> [AVAILABLE DATA]
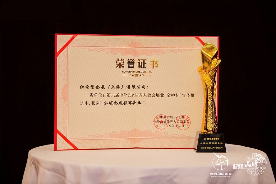 近日,在2025第六届中外会展品牌大会上,纽伦堡会展(上海)有限公司凭借卓越的全球资源整合能力、前瞻性的行业布局以及对会展创新发展的持续推动,荣获2025年度中外会展“金樽杯”全球会展领军企业奖项。这一权威荣誉,充分肯定了公司在推动会展产业国际化、专业化进程中的引领作用,也彰显了其作为中外产业合作重要桥梁的行业价值。
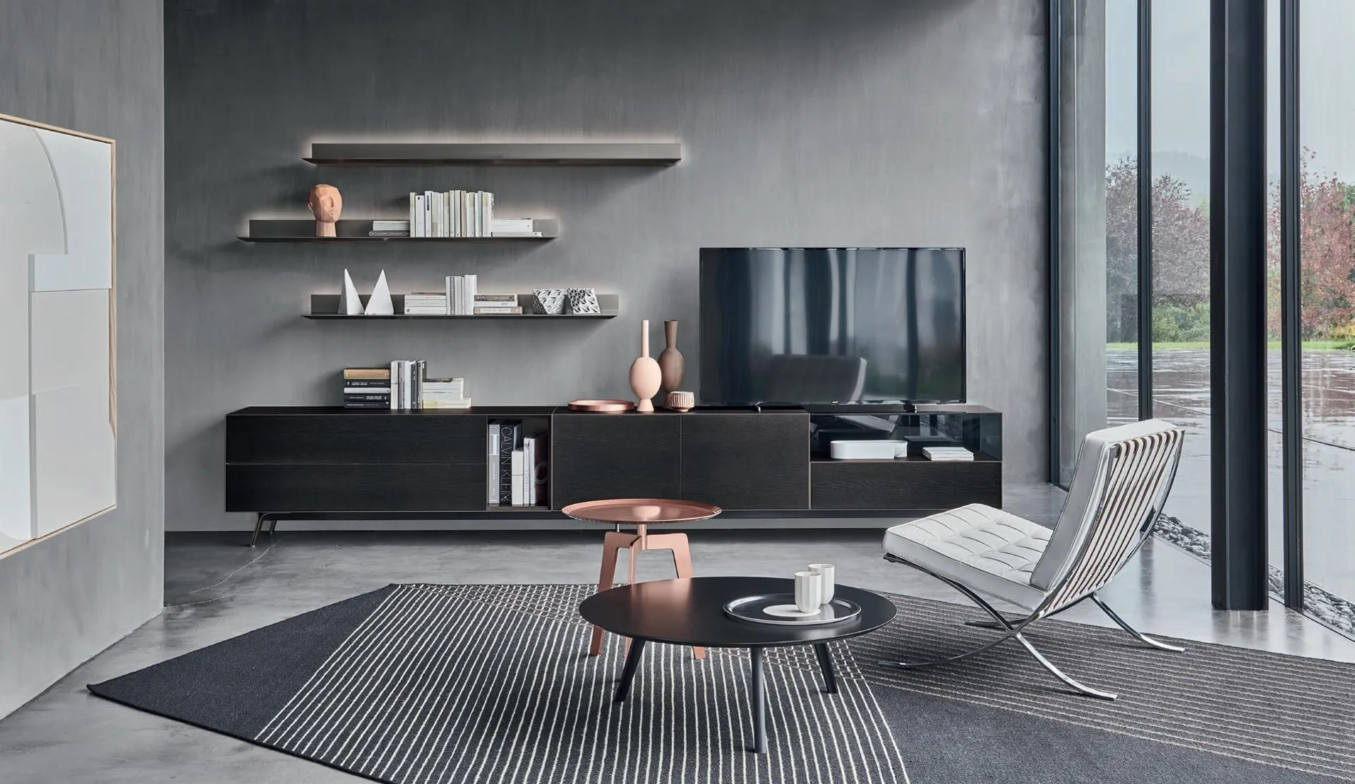 Un po’ librerie, un po’ mobili contenitori ed espositori: le Pareti Attrezzate sono ideali per arredare uno spazio pratico e dinamico.
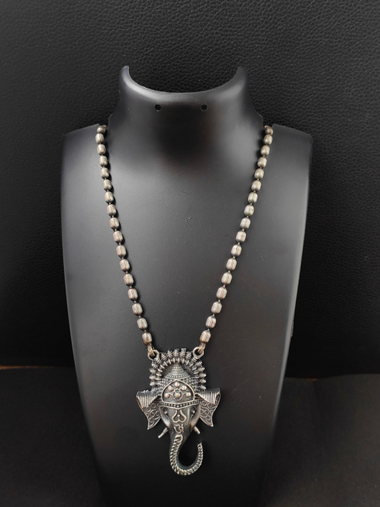 Ganesha Style German Silver Oxidised Long Necklace with Earrings
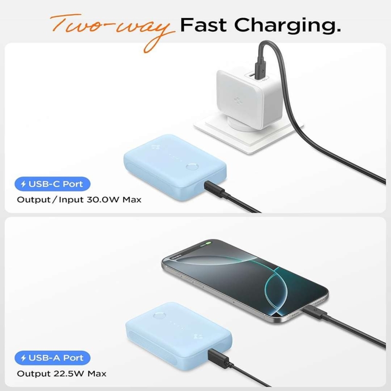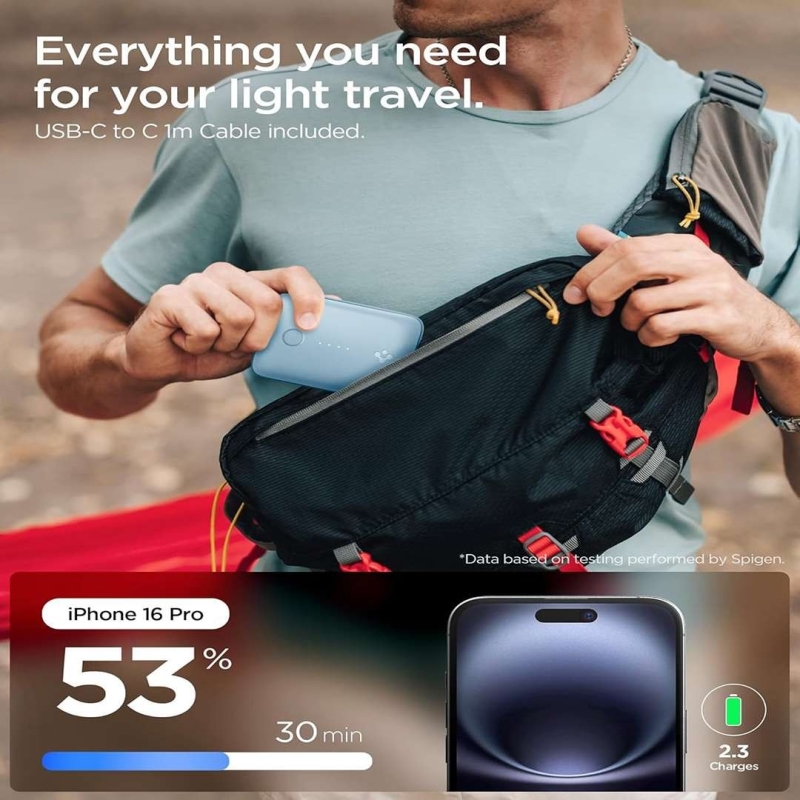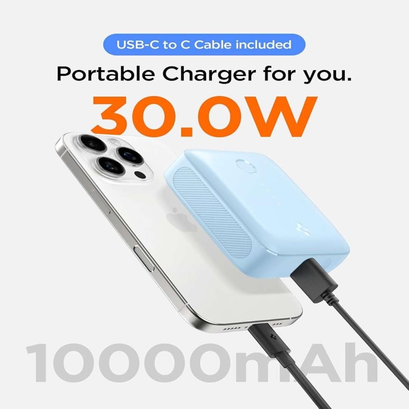 The Spigen 10000mAh Power Bank (PA2402) in Cream Blue is a pocket-sized, portable charger with a built-in USB-C cable and 30W fast charging support. It ensures safe and convenient charging on-the-go for smartphones, tablets, and laptops, having passed 22 safety tests.

> [WHAT IS NEEDED] Your copy should run from the line that has "Ganesha Style German" through the last line above, exactly, with both ends in and pictures out.

> [RESULT FOR THIS TASK]
 Ganesha Style German Silver Oxidised Long Necklace with Earrings
 The Spigen 10000mAh Power Bank (PA2402) in Cream Blue is a pocket-sized, portable charger with a built-in USB-C cable and 30W fast charging support. It ensures safe and convenient charging on-the-go for smartphones, tablets, and laptops, having passed 22 safety tests.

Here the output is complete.